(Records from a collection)
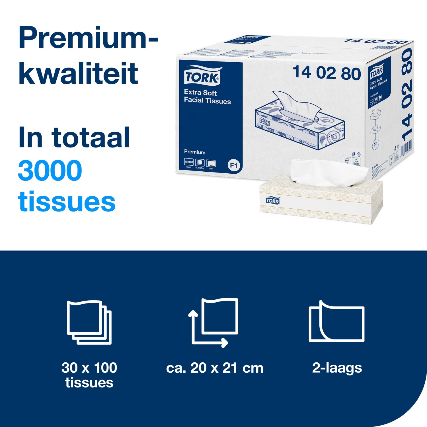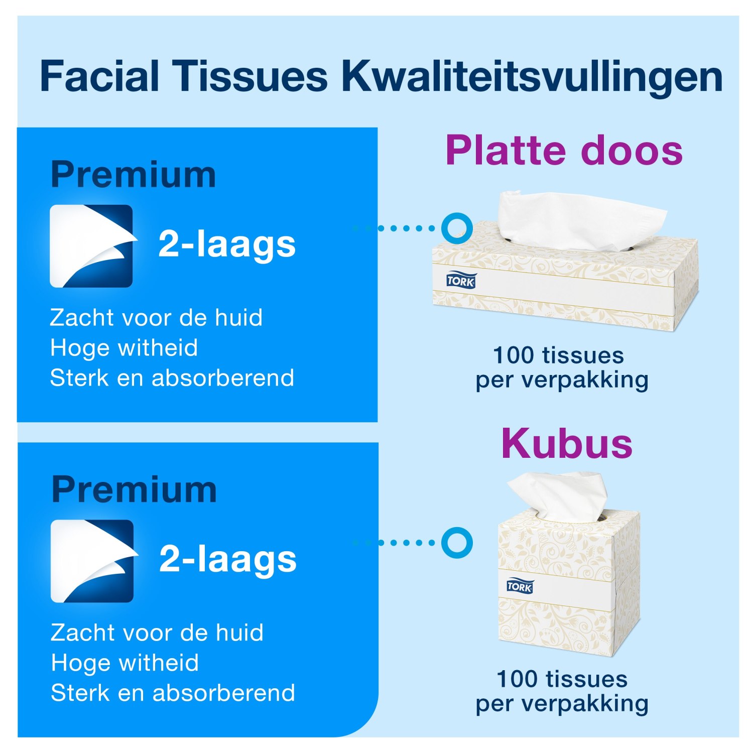 De moderne platte doos is ontworpen om perfect te passen in de Tork Facial Tissue Dispenser. Met een handige papieren opening is de doos ook gemakkelijk te recyclen. Elke doos bevat een specifiek aantal tissues, waardoor ze ideaal zijn voor zowel bedrijven als particulieren die waarde hechten aan kwaliteit en gebruiksgemak.
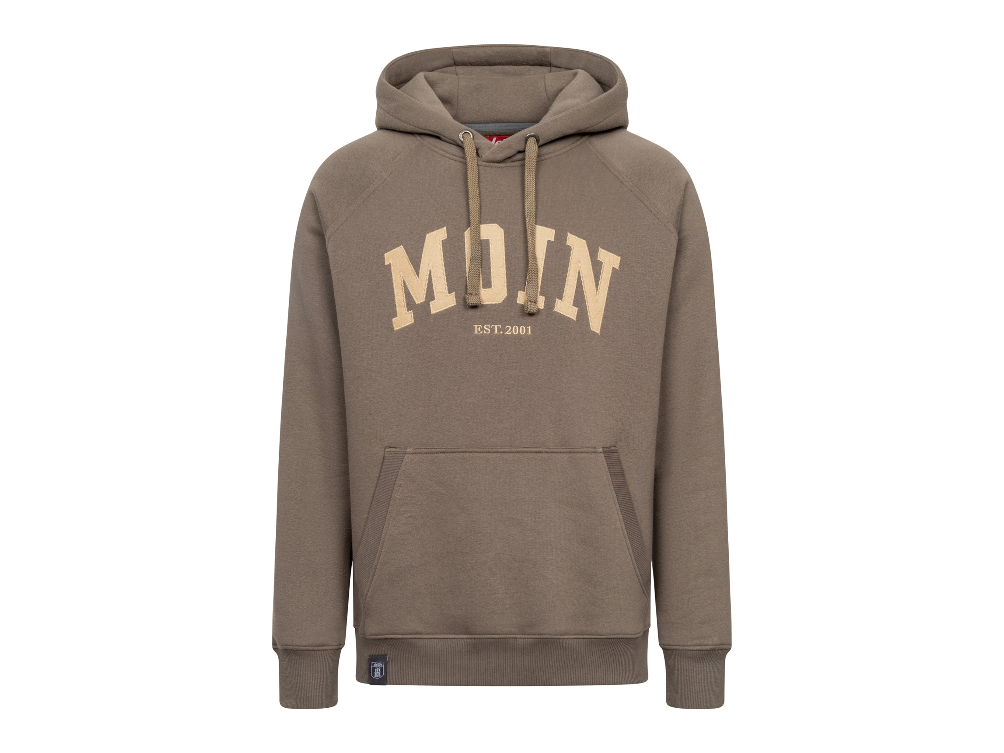 Brauner Kapuzenpullover von derbe für Herren mit Moin Schriftzug.
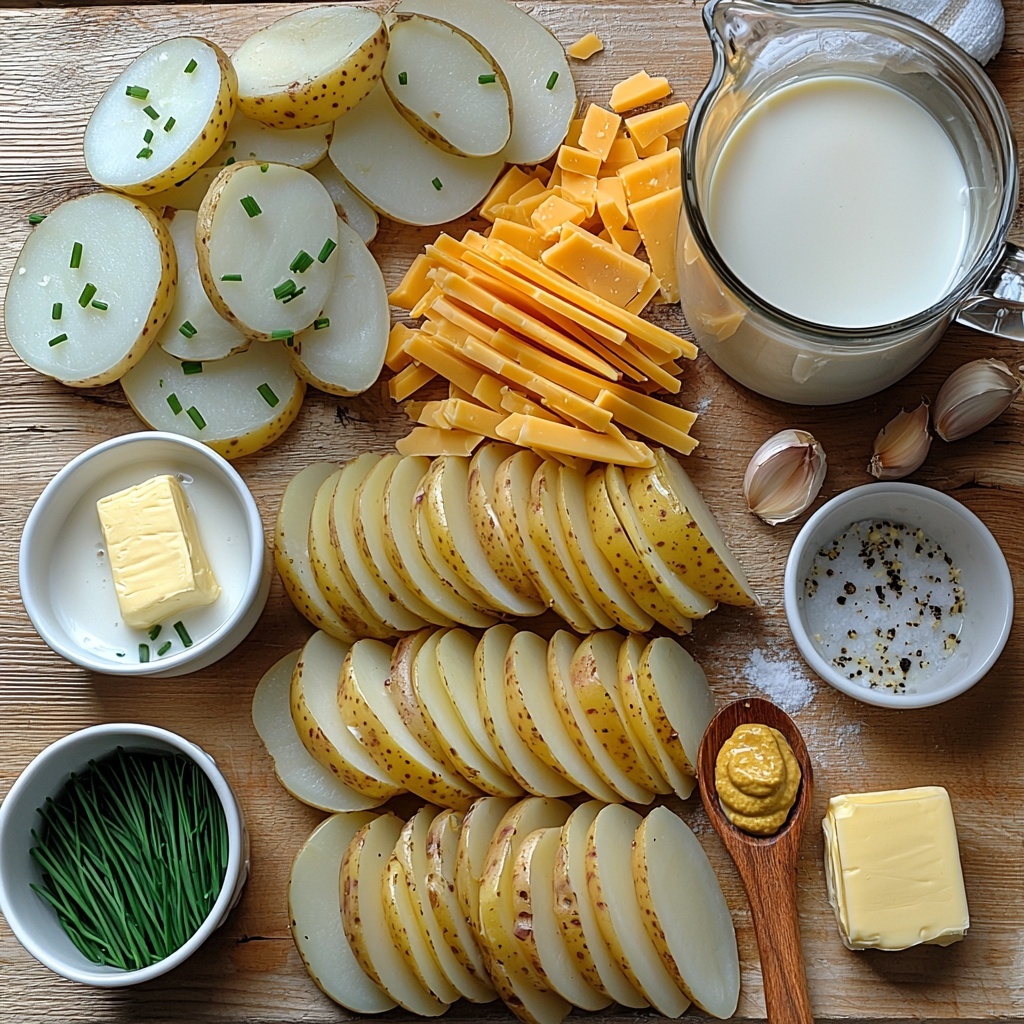 Gathering your ingredients is the first step to creating this melt-in-the-mouth Creamy Cheese and Potato Pie Recipe. Each element plays a crucial role in building the layers of flavor and texture that make this dish so irresistible. From the starchy potatoes that provide hearty substance to the blend of cheeses that adds richness and depth, these essentials come together to transform humble components into a star meal.
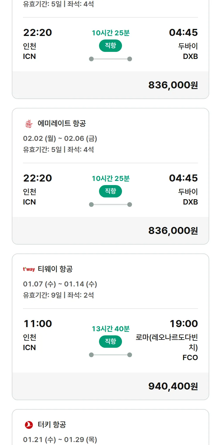 (1월2일(금)) 모두투어 유럽 특가 항공권
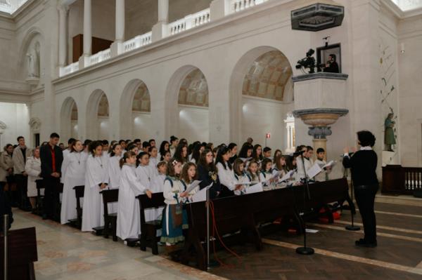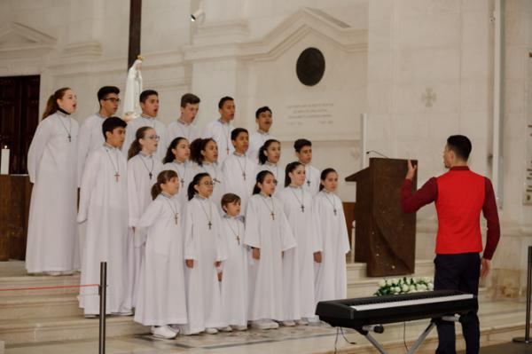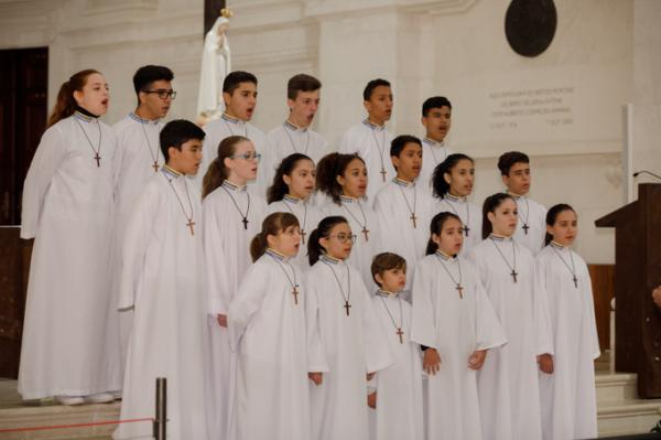 Misa, en portugués, en la Basílica de Nuestra Señora del Rosario de Fátima
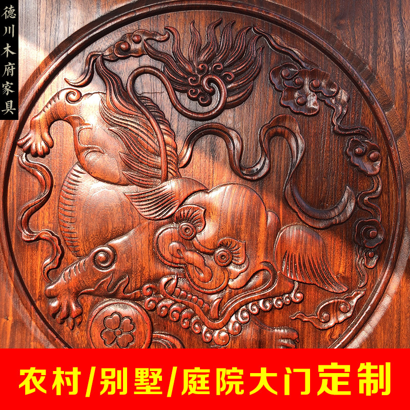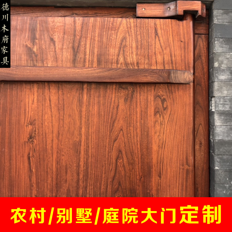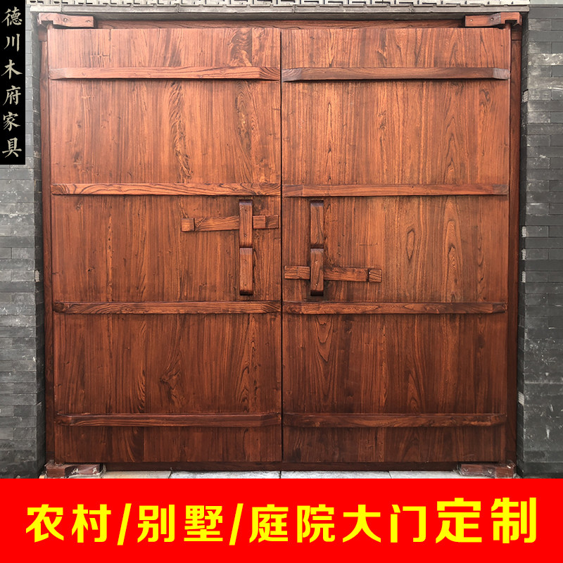 Chinese style courtyard gate solid wood emblem Imitation Ancient Gate Old Elm Wood Gate Heitang Wooden Countryside's Gate of Self-built Room
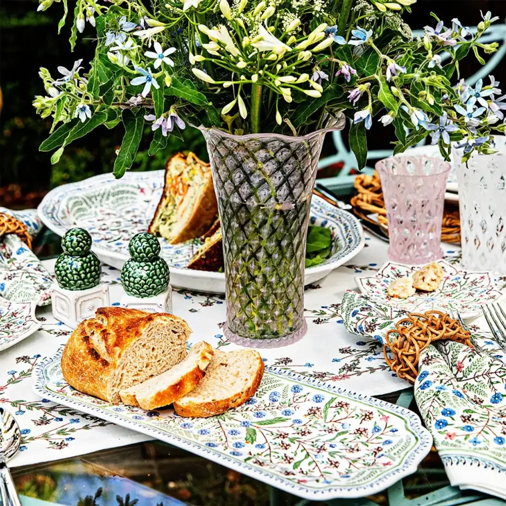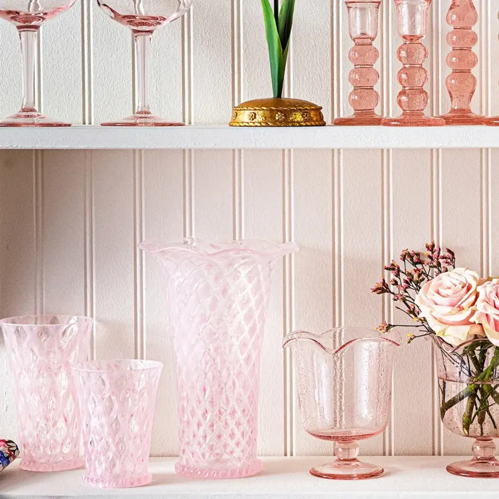 This undeniably romantic vase has a flared, feminine silhouette with a ruffled rim and our intricate, trellis motif in a blushing pink hue that sets off everything from formal floral arrangements to armfuls of garden flowers to utter perfection. Based in Connecticut, Juliska is committed to bringing elegant European design into our modern homes. Since its founding in 2001, when David and Capucine Gooding began by working with artisans outside of Prague to reproduce antique Bohemian glass pieces, every piece from Juliska has shared a rich heritage spanning six centuries of European design. Juliska's creations are timeless, romantic and effortlessly chic.
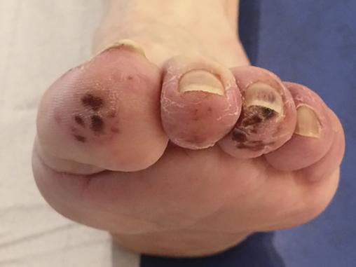 Jacqueline, 83 ans, ayant des antécédents de cardiopathie ischémique, chondrocalcinose, dyslipidémie, consulte pour l’apparition de lésions de couleur brun foncé au niveau de l’extrémité des orteils, responsables de douleurs insomniantes.
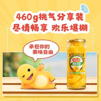 欢乐家×奶龙 黄桃罐头460g*4瓶 新鲜水果罐头 礼盒送礼 休闲零食
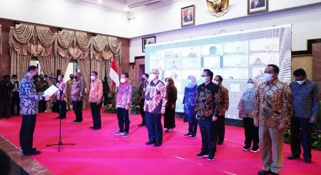 SURABAYA-KEMPALAN: Pemkot Surabaya melalui Dinas Pendidikan (Dispendik) Kota Surabaya menggelar Leadership Virtual Camp selama dua hari, 1-2 November 2021. Acara yang digelar di Graha Sawunggaling Komplek Gedung Pemkot Surabaya itu diikuti oleh semua pengurus Osis jenjang SMP se-Kota Surabaya, baik negeri maupun swasta. Khusus yang hadir ke Graha Sawunggaling hanya dibatasi 100 pelajar, kemudian sisanya sekitar 500 pelajar pengurus Osis mengikuti acara itu via virtual.
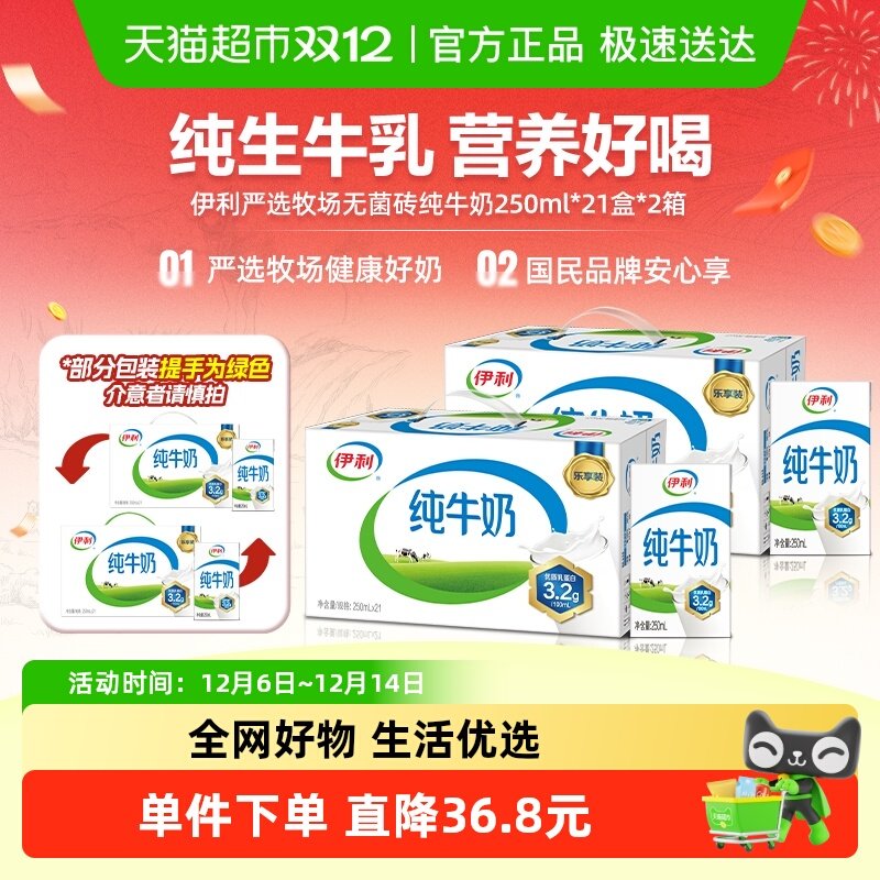 伊利纯牛奶250ml*42盒优质乳蛋白学生营养早餐
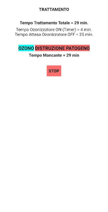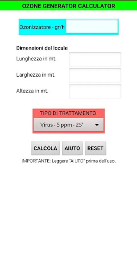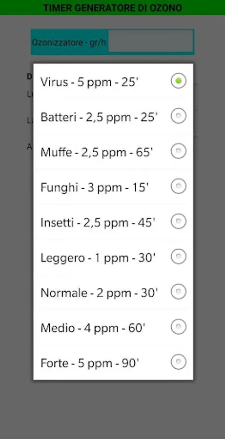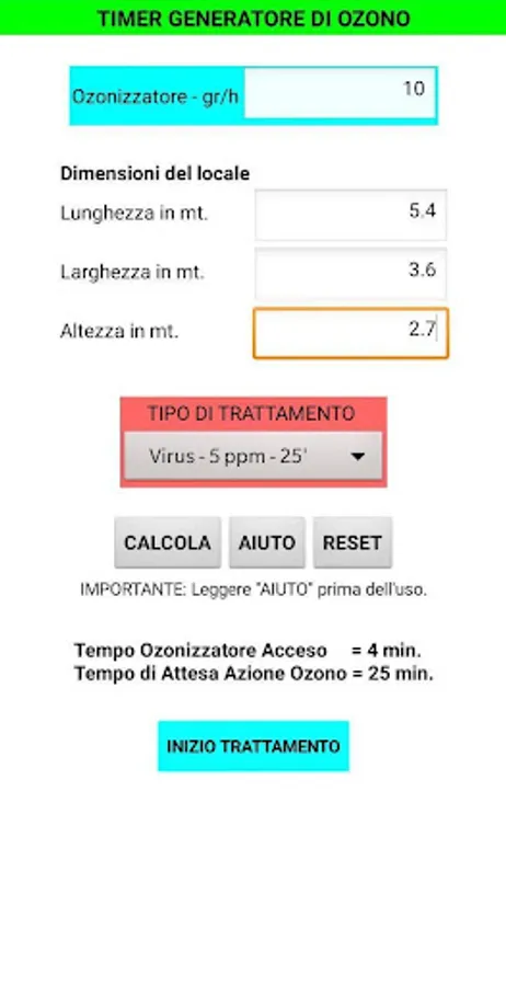 The App calculates the amount of ozone and the saturation and treatment times based on the generation power of the apparatus, the cubic capacity of the room and the pathogen to be treated.
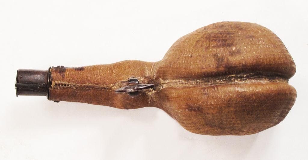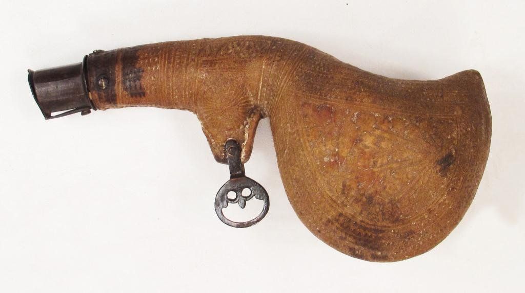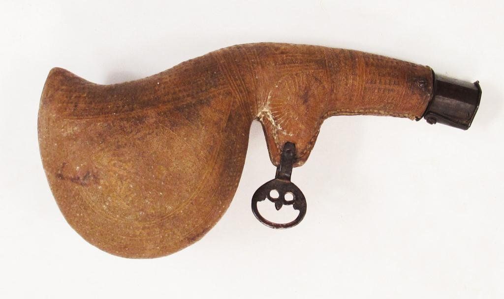 Formed of rawhide with tooled floral and geometrical motifs overall, with hinged, sprung steel cap. Mid-19th century. Overall length 29 cm. Condition I
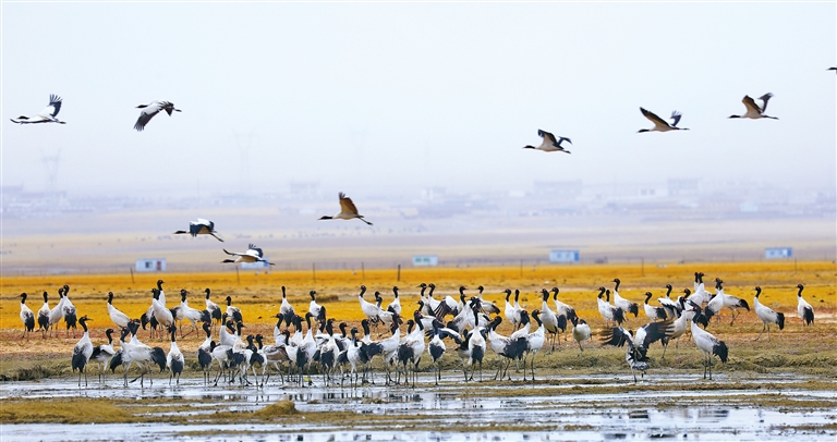 數(shù)量逐年增多的黑頸鶴成群遷徙停歇或繁殖,正是對(duì)當(dāng)雄縣生態(tài)環(huán)境持續(xù)向好的最美注腳。當(dāng)雄縣自然資源局(林業(yè)和草原局)局長(zhǎng)楊光富說(shuō):“近年來(lái),當(dāng)雄縣始終堅(jiān)持‘綠水青山就是金山銀山、冰天雪地也是金山銀山’的發(fā)展理念,率先在拉薩市成功創(chuàng)建全國(guó)生態(tài)文明示范縣和‘兩山’實(shí)踐創(chuàng)新基地。這兩塊金字招牌充分體現(xiàn)了當(dāng)雄的生態(tài)底色。下一步,我們將在全縣草原生態(tài)保護(hù)中重點(diǎn)突出阿熱濕地保護(hù),探索濕地黑頸鶴、斑頭雁等珍稀野生動(dòng)物活動(dòng)的特點(diǎn)規(guī)律,促進(jìn)濕地保護(hù)管理與濕地資源合理利用有機(jī)融合,確保探索形成守綠換金、添綠增金、點(diǎn)綠成金的‘兩山’轉(zhuǎn)化模式。”
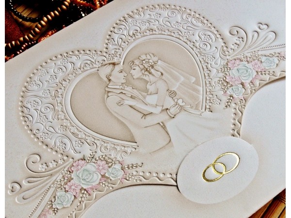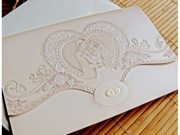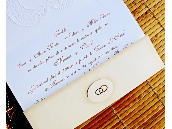 Invitatie de nunta confectionata dintr-un carton lucios destinat textului, ce se pliaza in trei pe verticala.
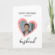 Önska din make en glad födelsedag med detta gratulationskort. Framsidan har en hjärtformad med orden kärlek inuti med "Grattis på födelsedagen min fantastiske make" skrivet i svart teckensnitt med hans foto centrerat. Du kan enkelt ladda upp din favoritbild och mallen är inställd för att du ska kunna redigera Grattis på födelsedagen make, pappa eller något annat namn du vill. Du kan också redigera meddelandena inuti kortet.

→ EXERCISE DIRECTIONS
Copy the records above exactly, from the first line through the line containing "Misa, en portugués, en", and leave out the pictures.

→ EXPECTED ANSWER
 De moderne platte doos is ontworpen om perfect te passen in de Tork Facial Tissue Dispenser. Met een handige papieren opening is de doos ook gemakkelijk te recyclen. Elke doos bevat een specifiek aantal tissues, waardoor ze ideaal zijn voor zowel bedrijven als particulieren die waarde hechten aan kwaliteit en gebruiksgemak.
 Brauner Kapuzenpullover von derbe für Herren mit Moin Schriftzug.
 Gathering your ingredients is the first step to creating this melt-in-the-mouth Creamy Cheese and Potato Pie Recipe. Each element plays a crucial role in building the layers of flavor and texture that make this dish so irresistible. From the starchy potatoes that provide hearty substance to the blend of cheeses that adds richness and depth, these essentials come together to transform humble components into a star meal.
 (1월2일(금)) 모두투어 유럽 특가 항공권
 Misa, en portugués, en la Basílica de Nuestra Señora del Rosario de Fátima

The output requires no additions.